_WORK TASK_: Keep images out and repeat all data exactly.

_THE DATA_:
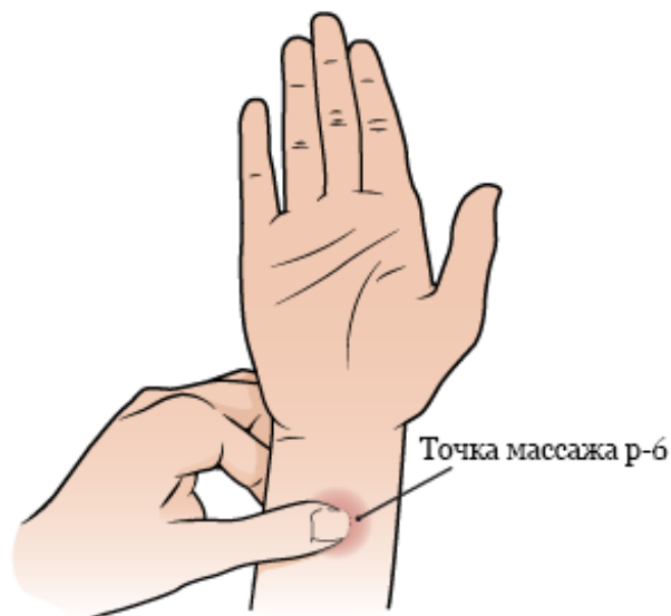
Рисунок 2. Как прижать большой палец к точке под указательным пальцем
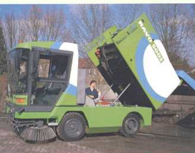
Type ST met tippende container
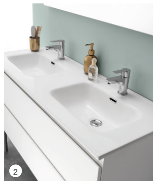
Plan céramique double vasque L120 cm
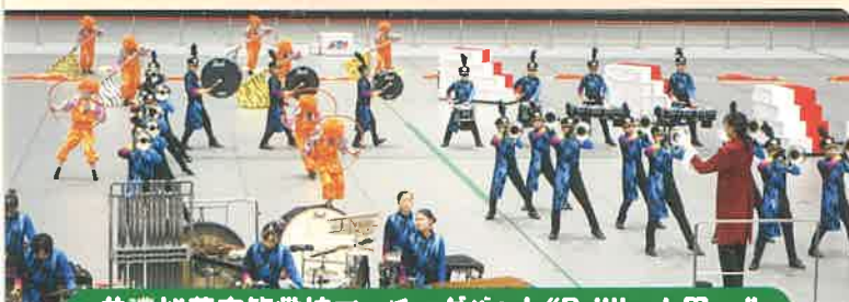
美濃加茂高等学校マーチングバンド“Brilliant Max”
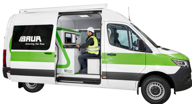
Figura a titolo esemplificativo
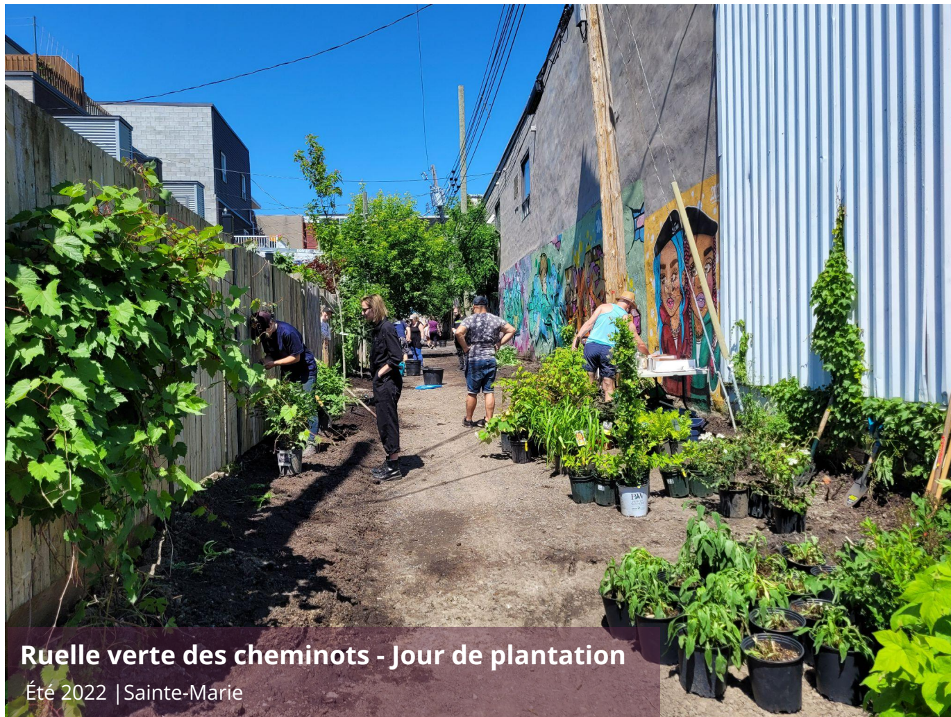
Ruelle verte des cheminots - Jour de plantation
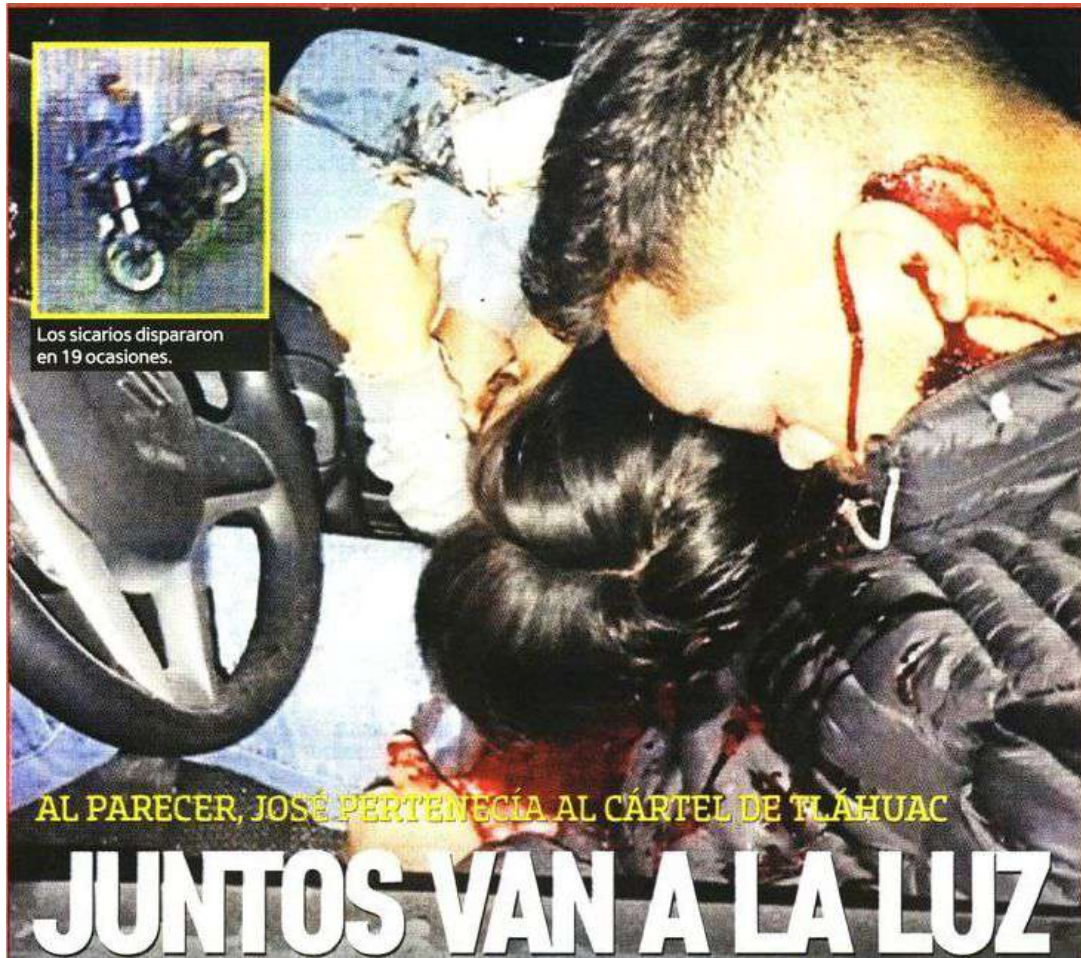
Los sicarios dispararon en 19 ocasiones.

AL PARECER, JOSÉ PERTENECÍA AL CÁRTEL DE TLÁHUAC
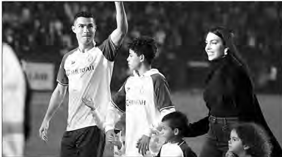
Un accueil triomphal pour Cristiano Ronaldo en Arabie Saoudite

La superstar du football mondial, Cristiano Ronaldo, ne peut pas encore jouer à Al-Nassr car le club saoudien a dépassé son quota de joueurs étrangers, ont indiqué jeudi des responsables du club à l'AFP. L'attaquant portugais, considéré à 37 ans comme l'un des plus grands footballeurs de tous les temps, avait affirmé mardi à Ryad vouloir jouer dès que possible, à commencer par le match à domicile contre Al-Ta'ee initialement prévu jeudi, et reporté à vendredi. Mais Cristiano Ronaldo, dont le contrat jusqu'en juin 2025 est estimé à 200 millions d'euros, est le neuvième joueur étranger à rejoindre Al-Nassr, dépassant le maximum de huit autorisés par la fédération saoudienne de football. «Al Nassr ne l'a pas encore enregistré car il n'y a pas de place vacante pour un joueur étranger», a déclaré à l'AFP un responsable du club, sous couvert d'anonymat, n'étant pas autorisé à parler aux médias. «Un joueur étranger doit partir pour que Ronaldo puisse être enregistré, soit à
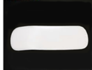
● 帯板 1枚
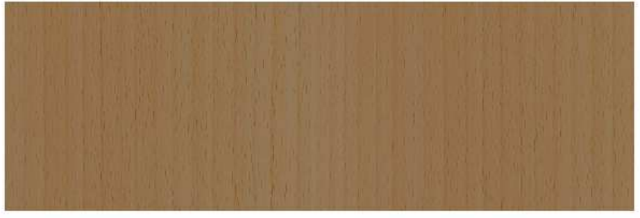
PLANCHE 1200x400x18 QTE: 3
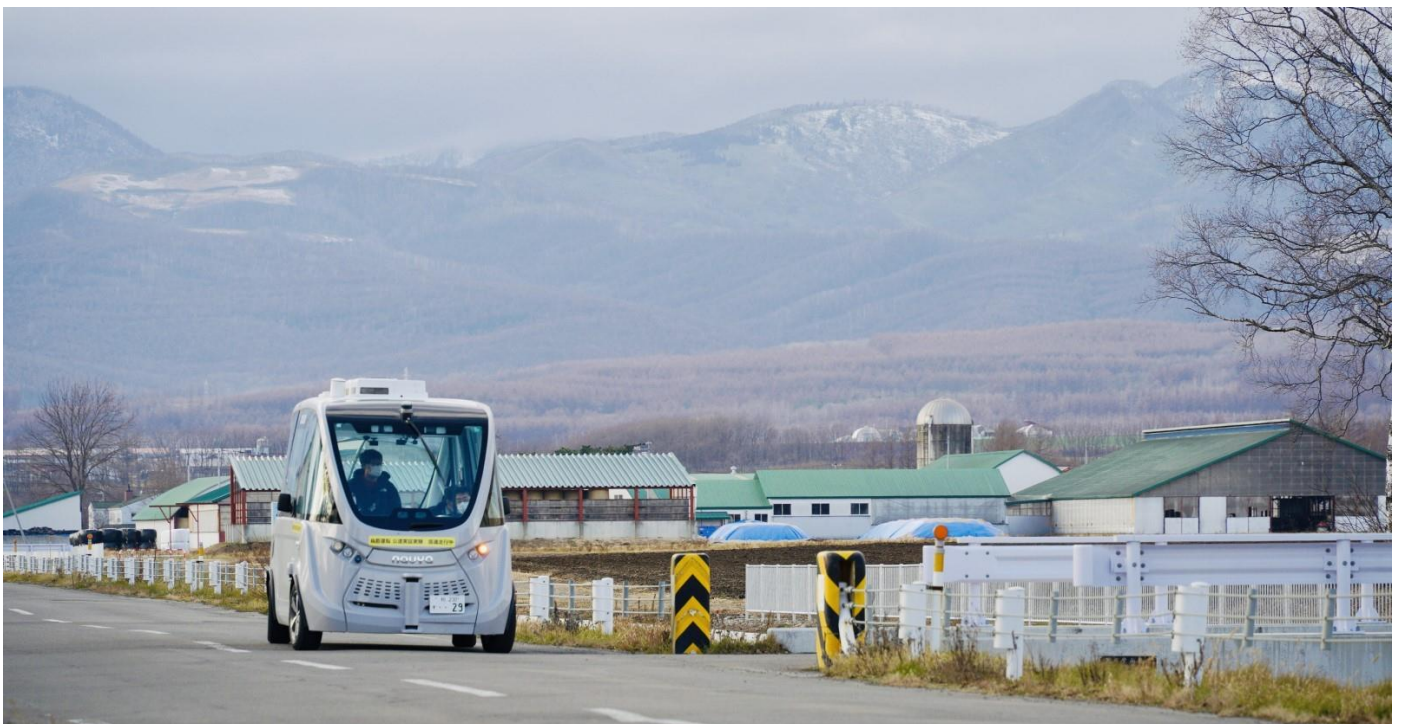
（写真：上士幌町の公道を走行する自動運転バス「NAVYA ARMA」）

今回の冬季運行では、自動運転バス1台で1日に20便運行します。町内で新たに整備されたシェアオフィスやホテル、道の駅、交通ターミナルなどの拠点を循環し、住民の日常的な移動手段や、ワーケーションや観光を目的とする来訪者の2次交通として活用していただく見込みです。一部の停留所では、町外を含む広い地域で運行される既存の路線バスと接続する利便性の高い運行ダイヤを構築する他、既存の路線バス運行事業者と一部の停留所を共用することで、町内を循環する自動運転バスと町外にアクセスする路線バスとのスムーズな乗り換えを実現します。
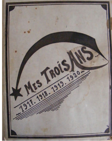
© Archives Communales du Plan de la Tour, don numérique de Claude et Michel PIOVANT, cote 921.

Tél. : 04 94 55 07 55 mairie@plandelatour.net / archives@plandelatour.net
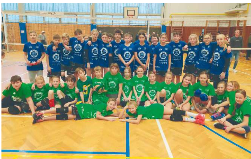
■ Mladí znojemští volejbalisté na turnaji v Letovicích.

Ze znojemského volejbalového klubu vyrazilo 35 hráčů zeleného a modrého minivolejbalu poměřit své hráčské dovednosti s ostatními mladými volejbalisty z celého kraje. Celkem se do hry zapojilo 24 družstev v zeleném minivolejbalu a 36 družstev v modrém minivolejbalu. Hrál se vždy ve skupinách po šesti týmech, jež byly seřazeny podle výsledků předchozího kvalifikačního turnaje.
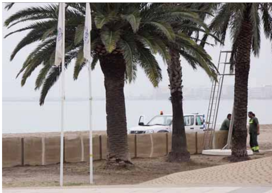
La platja de la Punta de Roses, a la imatge, és una de les més problemàtiques pel que fa la pèrdua de sorra per l'erosió del vent ■ EL PUNT AVUI

Les tanques que s'ha instal·lat estan formades per una lona de material geotèxtil que actua com a pantalla de contenció. Aquesta mesura s'ha portat a terme a Roses la majoria d'estius des de l'any 2006 per evitar que l'acció del vent desplaci la sorra cap al passeig marítim i també cap als espais enjardinats. ■

_TASK RESULT_:
Рисунок 2. Как прижать большой палец к точке под указательным пальцем
Type ST met tippende container
Plan céramique double vasque L120 cm
美濃加茂高等学校マーチングバンド“Brilliant Max”
Figura a titolo esemplificativo
Ruelle verte des cheminots - Jour de plantation
Los sicarios dispararon en 19 ocasiones.

AL PARECER, JOSÉ PERTENECÍA AL CÁRTEL DE TLÁHUAC
Un accueil triomphal pour Cristiano Ronaldo en Arabie Saoudite

La superstar du football mondial, Cristiano Ronaldo, ne peut pas encore jouer à Al-Nassr car le club saoudien a dépassé son quota de joueurs étrangers, ont indiqué jeudi des responsables du club à l'AFP. L'attaquant portugais, considéré à 37 ans comme l'un des plus grands footballeurs de tous les temps, avait affirmé mardi à Ryad vouloir jouer dès que possible, à commencer par le match à domicile contre Al-Ta'ee initialement prévu jeudi, et reporté à vendredi. Mais Cristiano Ronaldo, dont le contrat jusqu'en juin 2025 est estimé à 200 millions d'euros, est le neuvième joueur étranger à rejoindre Al-Nassr, dépassant le maximum de huit autorisés par la fédération saoudienne de football. «Al Nassr ne l'a pas encore enregistré car il n'y a pas de place vacante pour un joueur étranger», a déclaré à l'AFP un responsable du club, sous couvert d'anonymat, n'étant pas autorisé à parler aux médias. «Un joueur étranger doit partir pour que Ronaldo puisse être enregistré, soit à
● 帯板 1枚
PLANCHE 1200x400x18 QTE: 3
（写真：上士幌町の公道を走行する自動運転バス「NAVYA ARMA」）

今回の冬季運行では、自動運転バス1台で1日に20便運行します。町内で新たに整備されたシェアオフィスやホテル、道の駅、交通ターミナルなどの拠点を循環し、住民の日常的な移動手段や、ワーケーションや観光を目的とする来訪者の2次交通として活用していただく見込みです。一部の停留所では、町外を含む広い地域で運行される既存の路線バスと接続する利便性の高い運行ダイヤを構築する他、既存の路線バス運行事業者と一部の停留所を共用することで、町内を循環する自動運転バスと町外にアクセスする路線バスとのスムーズな乗り換えを実現します。
© Archives Communales du Plan de la Tour, don numérique de Claude et Michel PIOVANT, cote 921.

Tél. : 04 94 55 07 55 mairie@plandelatour.net / archives@plandelatour.net
■ Mladí znojemští volejbalisté na turnaji v Letovicích.

Ze znojemského volejbalového klubu vyrazilo 35 hráčů zeleného a modrého minivolejbalu poměřit své hráčské dovednosti s ostatními mladými volejbalisty z celého kraje. Celkem se do hry zapojilo 24 družstev v zeleném minivolejbalu a 36 družstev v modrém minivolejbalu. Hrál se vždy ve skupinách po šesti týmech, jež byly seřazeny podle výsledků předchozího kvalifikačního turnaje.
La platja de la Punta de Roses, a la imatge, és una de les més problemàtiques pel que fa la pèrdua de sorra per l'erosió del vent ■ EL PUNT AVUI

Les tanques que s'ha instal·lat estan formades per una lona de material geotèxtil que actua com a pantalla de contenció. Aquesta mesura s'ha portat a terme a Roses la majoria d'estius des de l'any 2006 per evitar que l'acció del vent desplaci la sorra cap al passeig marítim i també cap als espais enjardinats. ■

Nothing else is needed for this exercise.